▸ Task prompt
Start at the line that contains "토요타코리아가 18일 오전" in the listing below and extract every line through the last, exactly; leave pictures out.

Start of Block

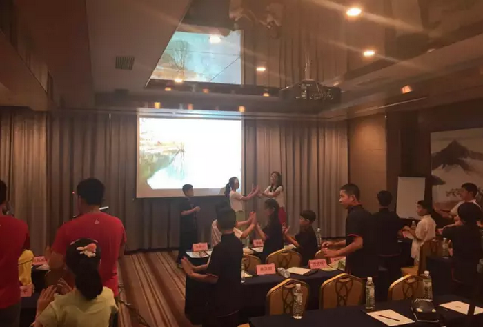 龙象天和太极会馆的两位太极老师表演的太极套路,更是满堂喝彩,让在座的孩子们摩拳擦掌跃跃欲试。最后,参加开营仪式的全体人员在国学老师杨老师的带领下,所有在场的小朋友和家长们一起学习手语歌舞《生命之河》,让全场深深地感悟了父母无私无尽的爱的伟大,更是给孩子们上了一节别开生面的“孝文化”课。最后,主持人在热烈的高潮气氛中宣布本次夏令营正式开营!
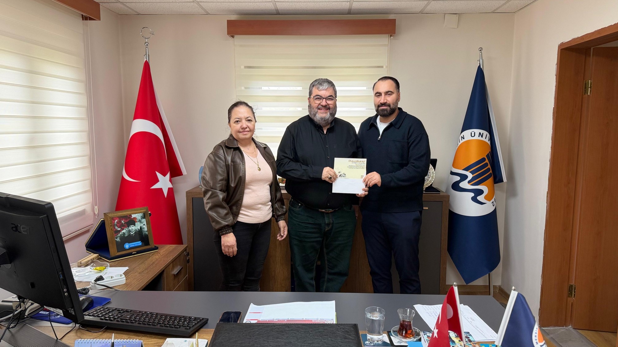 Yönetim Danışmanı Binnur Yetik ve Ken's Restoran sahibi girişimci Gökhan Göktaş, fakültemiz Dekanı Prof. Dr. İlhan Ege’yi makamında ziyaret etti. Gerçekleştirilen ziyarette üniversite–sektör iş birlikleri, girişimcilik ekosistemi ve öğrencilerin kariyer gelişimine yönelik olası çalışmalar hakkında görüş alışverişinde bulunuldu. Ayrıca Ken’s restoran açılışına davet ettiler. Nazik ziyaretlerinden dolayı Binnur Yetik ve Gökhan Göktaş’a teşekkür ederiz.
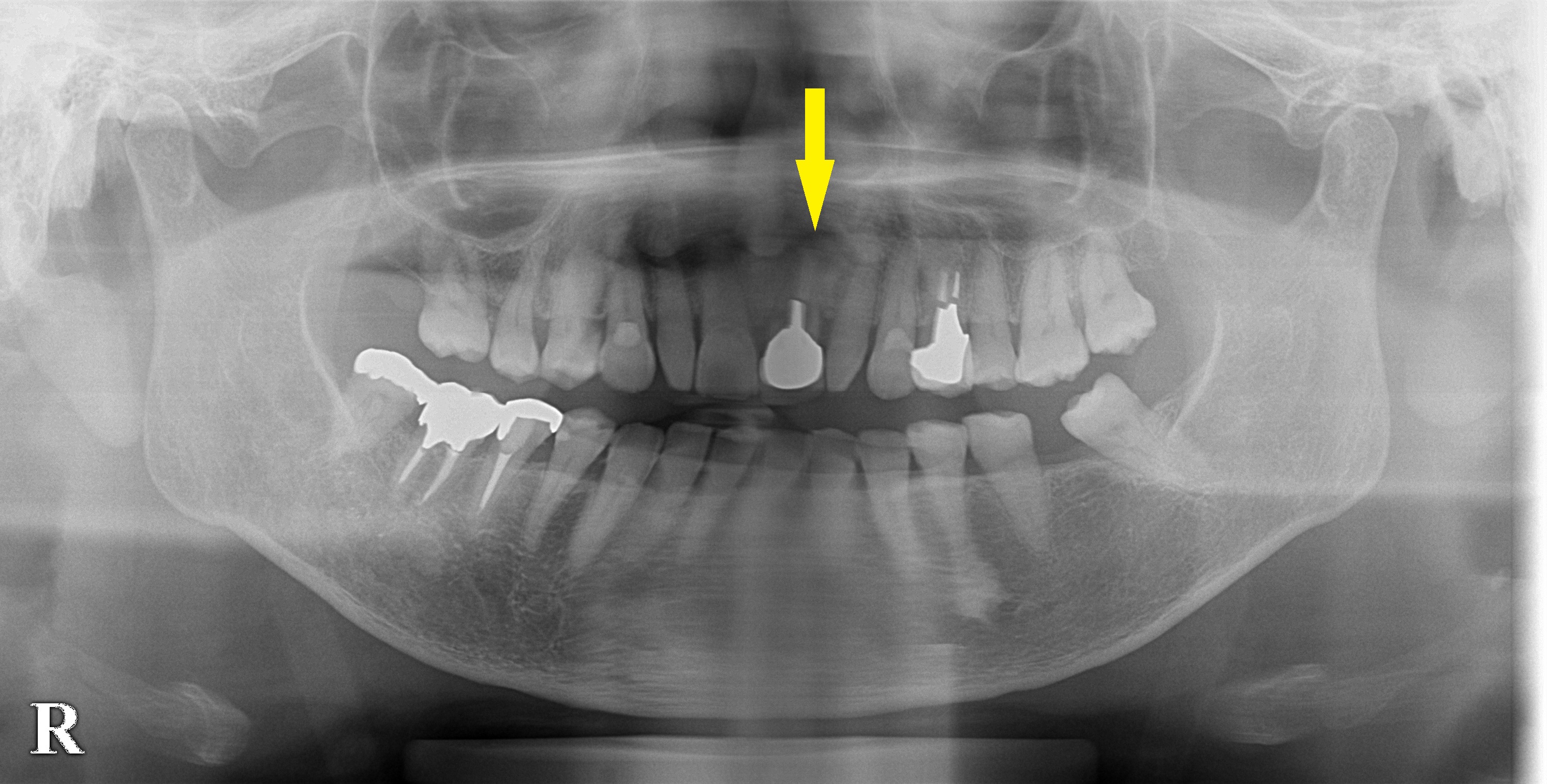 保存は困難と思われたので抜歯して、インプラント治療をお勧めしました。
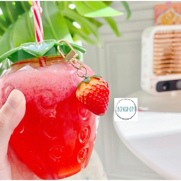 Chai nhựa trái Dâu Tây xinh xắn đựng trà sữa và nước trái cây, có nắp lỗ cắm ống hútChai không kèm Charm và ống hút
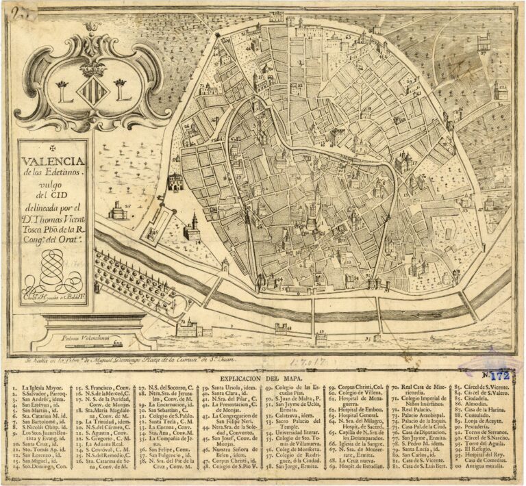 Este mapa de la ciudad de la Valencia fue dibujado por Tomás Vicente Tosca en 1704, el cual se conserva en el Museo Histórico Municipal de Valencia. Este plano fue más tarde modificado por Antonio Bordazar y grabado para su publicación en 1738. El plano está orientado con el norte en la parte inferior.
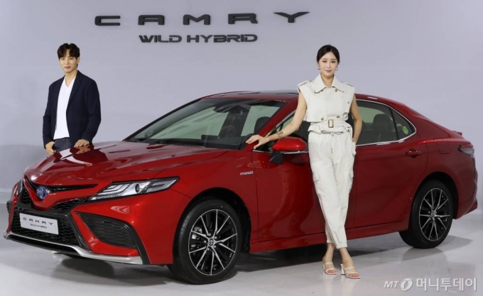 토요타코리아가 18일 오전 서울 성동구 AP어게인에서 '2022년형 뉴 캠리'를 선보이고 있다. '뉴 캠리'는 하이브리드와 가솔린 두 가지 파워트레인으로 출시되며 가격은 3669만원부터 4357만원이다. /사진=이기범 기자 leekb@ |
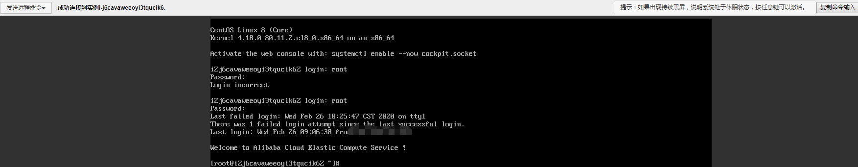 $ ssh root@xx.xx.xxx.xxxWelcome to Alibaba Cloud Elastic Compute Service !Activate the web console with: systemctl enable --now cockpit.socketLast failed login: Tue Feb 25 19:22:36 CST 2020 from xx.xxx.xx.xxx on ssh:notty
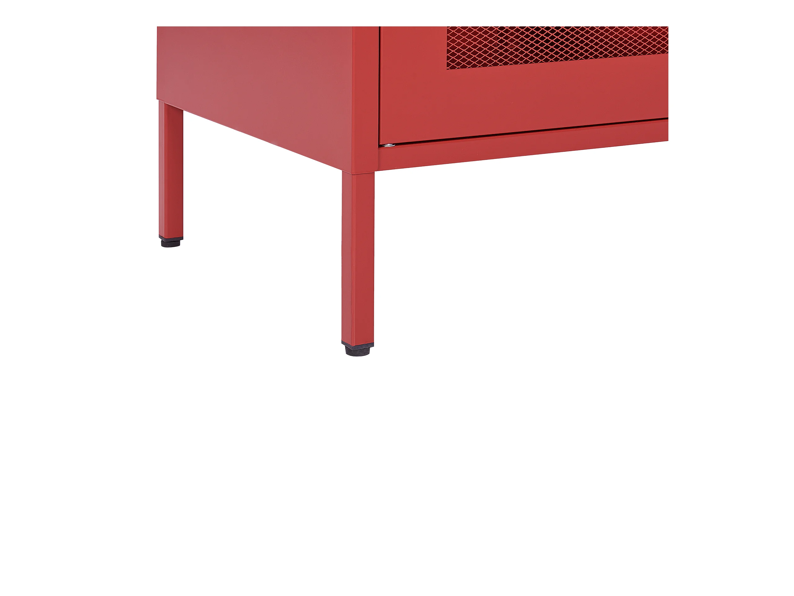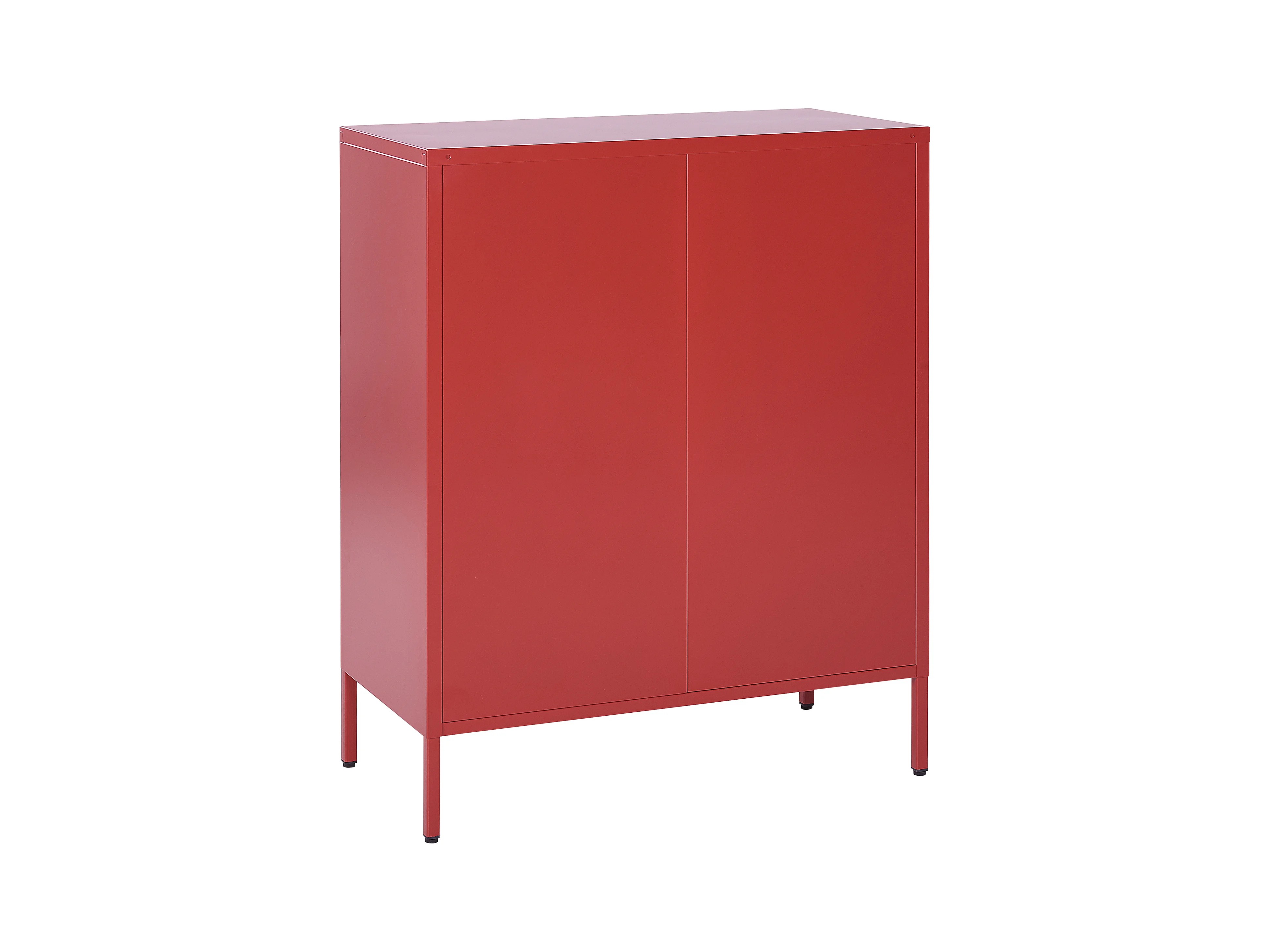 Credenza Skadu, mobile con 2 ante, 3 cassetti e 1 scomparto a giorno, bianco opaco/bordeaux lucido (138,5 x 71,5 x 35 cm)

End of Block

▸ Result for this exercise
 토요타코리아가 18일 오전 서울 성동구 AP어게인에서 '2022년형 뉴 캠리'를 선보이고 있다. '뉴 캠리'는 하이브리드와 가솔린 두 가지 파워트레인으로 출시되며 가격은 3669만원부터 4357만원이다. /사진=이기범 기자 leekb@ |
 $ ssh root@xx.xx.xxx.xxxWelcome to Alibaba Cloud Elastic Compute Service !Activate the web console with: systemctl enable --now cockpit.socketLast failed login: Tue Feb 25 19:22:36 CST 2020 from xx.xxx.xx.xxx on ssh:notty
 Credenza Skadu, mobile con 2 ante, 3 cassetti e 1 scomparto a giorno, bianco opaco/bordeaux lucido (138,5 x 71,5 x 35 cm)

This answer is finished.